However, some analysts believe that the growth potential in new markets and emerging technologies could absorb and even flip the impact of an increase in supply for specialities.

"The beauty of these minerals, as opposed to something like iron ore, is that you have less of an idea about what’s coming," one fund manager with a number of niche minerals in their portfolio told IM.

"It’s this uncertainty that, unusually, still has some appeal for investors. Many aren’t convinced, but there is some smart money around and now the market’s down it’s a good time to see what’s around, and what the next area of growth might be," he added.

The scope for lithium and graphite demand from electric vehicles and renewable energy technologies are appealing propositions for many financiers, however the present small size of these markets coupled with flat-to-weak demand conditions in traditional end uses has curbed some of the investor fervour seen towards these minerals prior to 2012.
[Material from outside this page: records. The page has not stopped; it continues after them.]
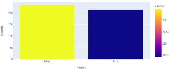 The dataset used in this study consists of fake news and real news. Each file of the dataset consists of more than twenty thousand examples of fake news and real news. The dataset considers the title, text, subject, and date that the articles were posted, and the dataset comprises information used from the fake and real news datasets used for Ahmed, Traore and Saad []. Figure 1 shows an image representing the number of fake and real news samples in the form of a bar chart.
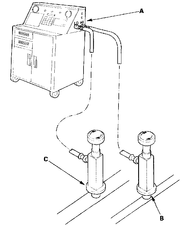 1. Connect a R-134a refrigerant recovery/recycling/charging station (A) to the high-pressure service port (B) and the low-pressure service port (C), as shown, following the equipment manufacturer's instructions.
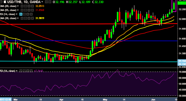 We prefer to take long position in USD/THB around 32.28, stop loss at 32.10 and target of 32.48.
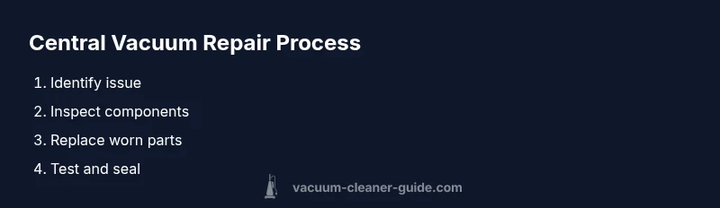 Central vacuum systems provide powerful, centralized suction through a network of hidden pipes connected to inlets around the home. When something goes wrong, symptoms can include reduced suction, unusual noises, or visible leaks at joints. Typical repair needs include fixing pipe or inlet leaks, replacing worn gaskets, cleaning or replacing clogged hoses, and addressing motor or switch faults in the power unit. By understanding the system layout— the canister, the mainline trunk, and the wall inlets— you can narrow down where issues originate. This guide explains common failure points and practical, homeowner-friendly repair approaches that emphasize safety and reliability. According to Vacuum Cleaner Guide, many routine issues are caused by leaks or blockages that are easy to fix with common tools. When addressed promptly, these repairs restore performance, protect indoor air quality, and prevent minor problems from becoming major outages.
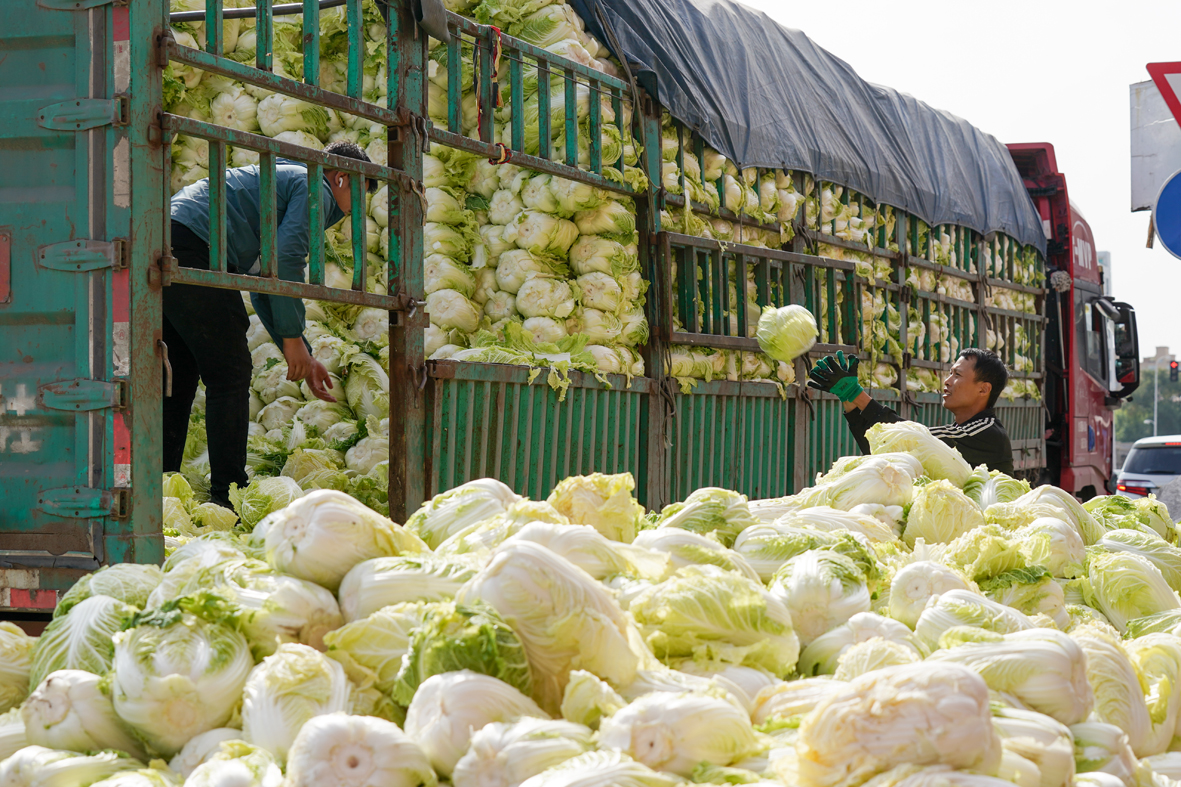 图为商贩正从车上卸白菜。(图片来源:中新社)
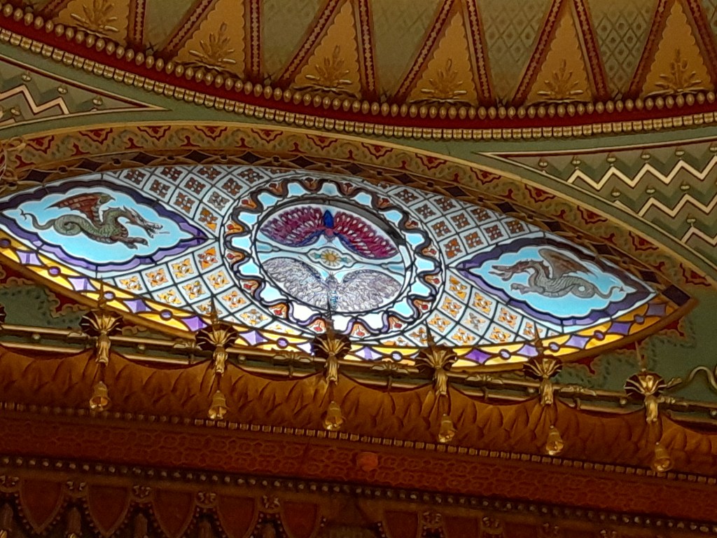 Although built in the Indo-Saracenic style, the inside reflects a beautiful Chinese motief all thought the building. The dragons woven in the carpets as well as the wallpapers depicting Chinese design are very rich and beautiful.
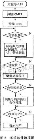 软件部分采用微控制器嵌入式C语言进行编写,如图5所示。软件流程图重点在于振动(防盗)检测部分和GPRS通信的编写。
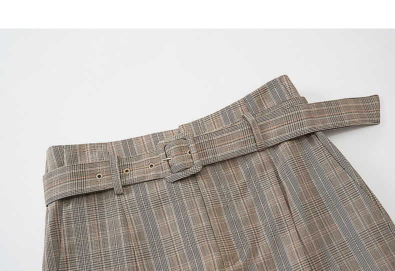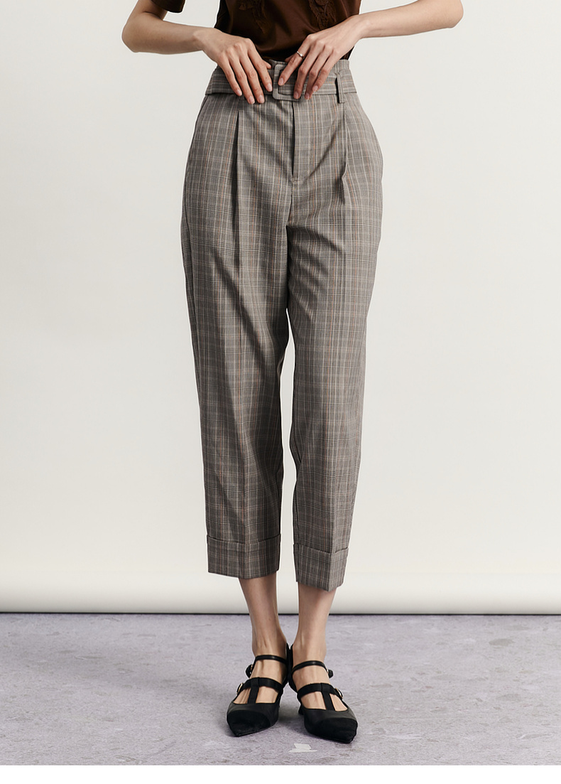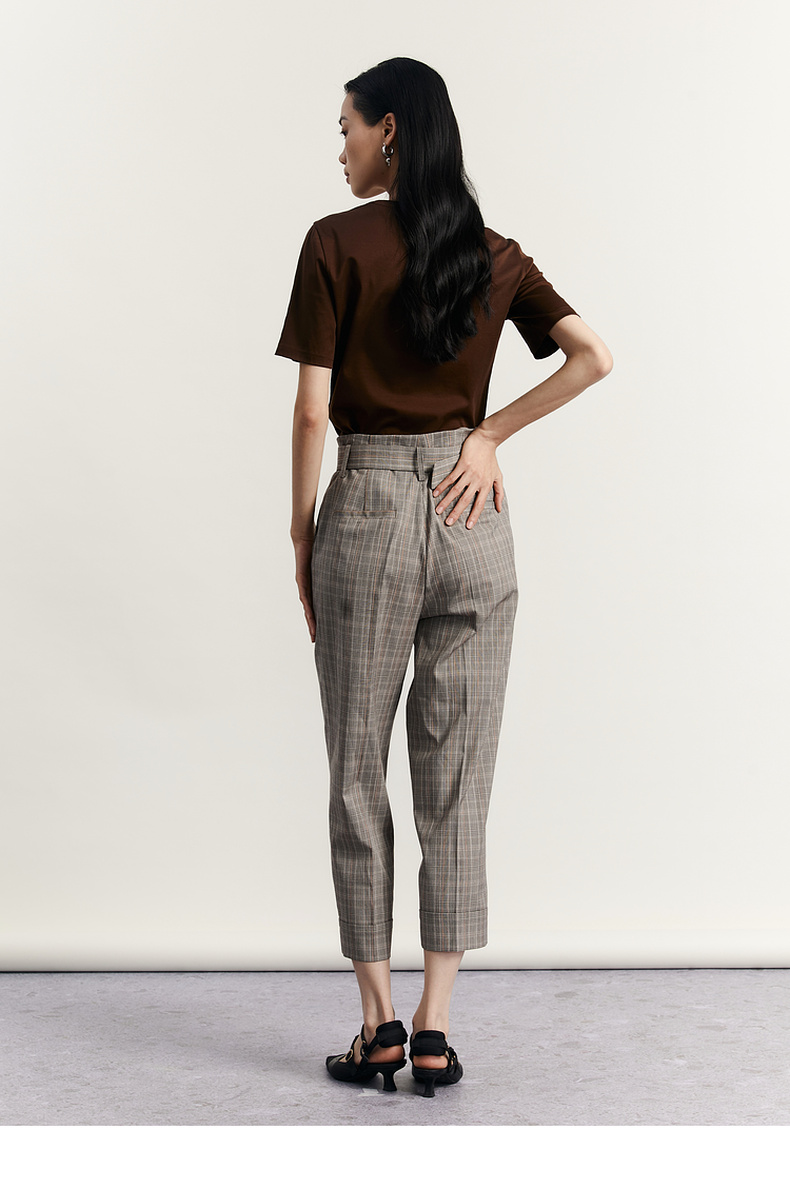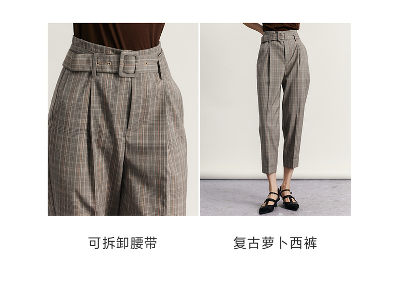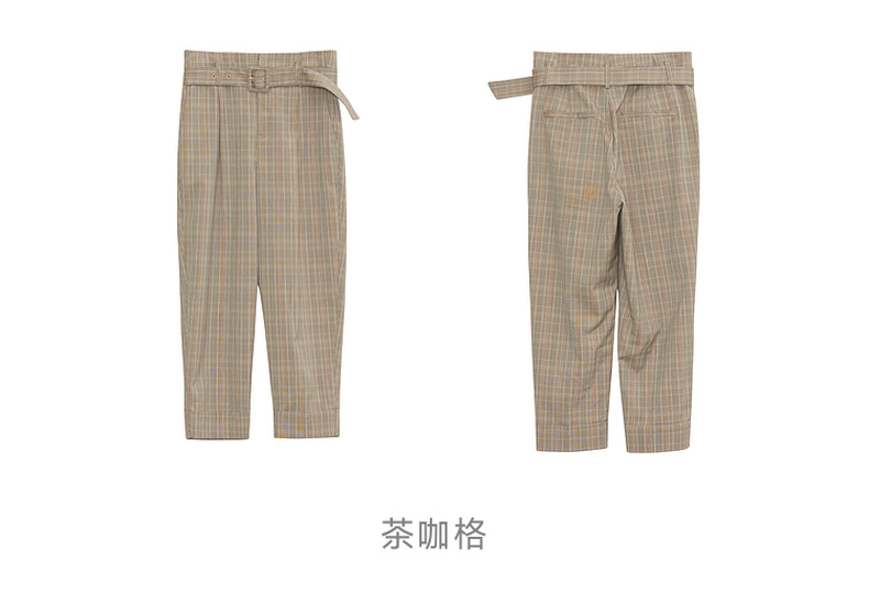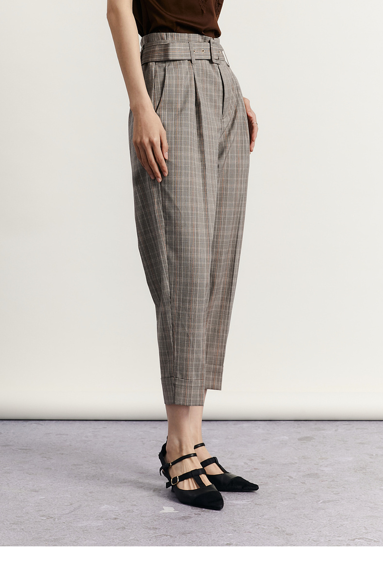 谜底格纹休闲裤女2023秋新款复古高腰宽松九分裤配腰带233MK0993
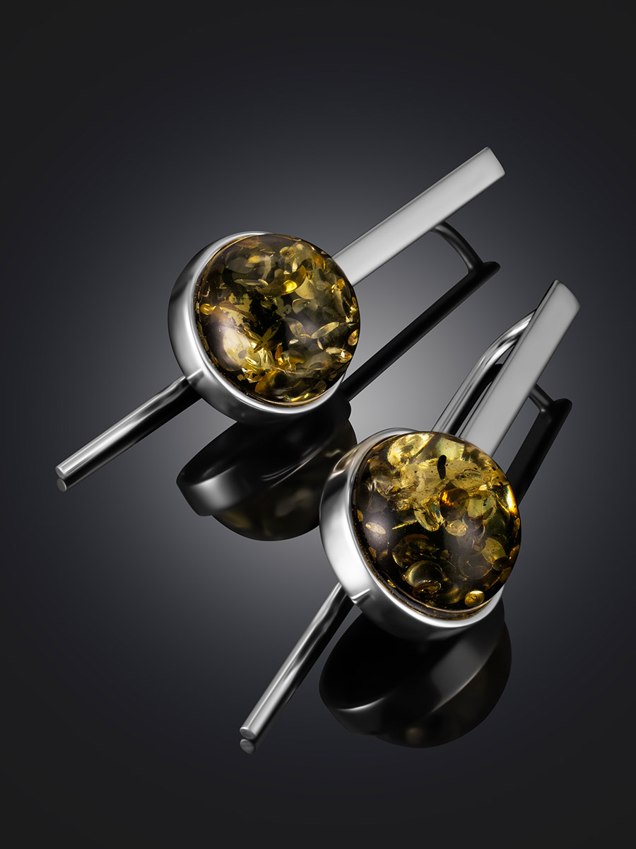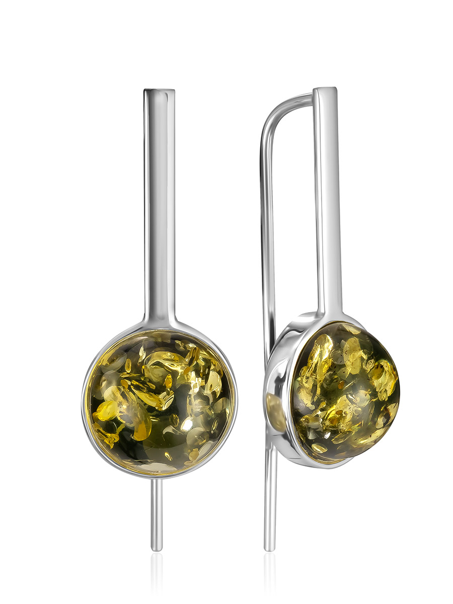 Серьги-крючки с искрящимся зелёным янтарём «Сорбонна»
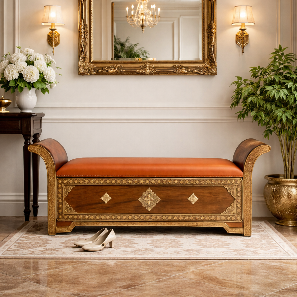 With its earthy brown finish, and delicate brass fittings, this seat brings charm and character to foyers, living rooms, and cozy corners.

Potential oversupply in the graphite and rare earths markets are particular concerns for investors, one Asia-based analyst said, pointing to the weight that the combined production potential of new projects in Africa, Canada, Scandinavia and Australia will add to the supply side.

"It’s unclear what this amount of additional supply will do to a market that’s only a little over 1m tpa at the moment," he said.

According to the Asian analyst, lithium is better positioned to fend off criticism about unrequited capacity. "Lithium is less of a concern from an oversupply perspective (…) most of it comes from Chile and the some of the hard rock deposits look like they’re going to be too difficult to separate," he said.

By contrast, the issue of challenging ore separation is a major barrier to investor confidence in rare earths projects outside China. "Very few companies have shown that they can get their operating costs competitive with China, let alone their all-in costs," the Asia-based analyst said.

"The demise of Molycorp is also another bugbear for those who are struggling to see rare earths as a savvy investment, even with all the arguments about strategic resources and moving away from a dependency on China," he added.

Financing projects

Given the present supply glut situation facing miners of everything from gold to graphite, junior miners are bracing themselves for what promises to be another challenging year for exploration funding.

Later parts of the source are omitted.